XFluids

XFluids: A unified cross-architecture heterogeneous reacting flows simulation solver

XFluids is a parallelized SYstem-wide Compute Language (SYCL) C++ solver for large-scale high-resolution simulations of compressible multi-component reacting flows. It is developed by Prof. Shucheng Pan's group at the School of Aeronautics, Northwestern Polytechincal University.

main developers:

Jinlong Li (ljl66623@mail.nwpu.edu.cn)
Shucheng Pan (shucheng.pan@nwpu.edu.cn)

other contributors:

Yixuan Lian, Renfei Zhang

References

If you use XFluids for academic aplications, please cite our paper:

Jinlong Li, Shucheng Pan (2024).
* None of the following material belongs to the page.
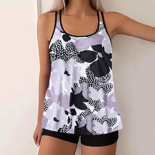 Costume da bagno tankini da donna a 2 pezzi pantaloni boy leg controllo della pancia alta vita schiena scoperta per vacanze in spiaggia floreale geometrico scollatura a piscina senza maniche

XFluids: A unified cross-architecture heterogeneous reacting flows simulation solver and its applications for multi-component shock-bubble interactions. arXiv:2403.05910. (https://arxiv.org/abs/2403.05910)

Features

Support CPU, GPU (integrated & discrete), and FPGA without porting the code
General for multi-vendor devices (Intel/NVIDIA/AMD/Hygon ... )
High portability, productivity, and performace
GPU-aware MPI
Highly optimized kernels & device functions for multicomponent flows and chemical reaction
ongoing work: sharp-interface method, curvilinear mesh, turbulence models ...

Supported GPUs

The following gpus have been tested:

NVIDIA
- Data center GPU: A100, P100
- Gaming GPS: RTX 4090, RTX 3090/3080/3070/3060TI, T600, RTX 1080
AMD
- Data center GPU: MI50
- Gaming GPS: RX 7900XTX, RX 6800XT, Pro VII
Intel
- Gaming GPS: ARC A770/A380
- Integrated GPUs: UHD P630, UHD 750

1. Manually installed Dependencies

1.1. Conda or Conda mirror soure for Chinese users basic environment, at least version 23.9.0

1.2. One of two LLVM implementation:

NOTE: SYCL implementation of AdaptiveCpp is strongly recommended for XFluids, and the support of Intel oneAPI will be deprecated.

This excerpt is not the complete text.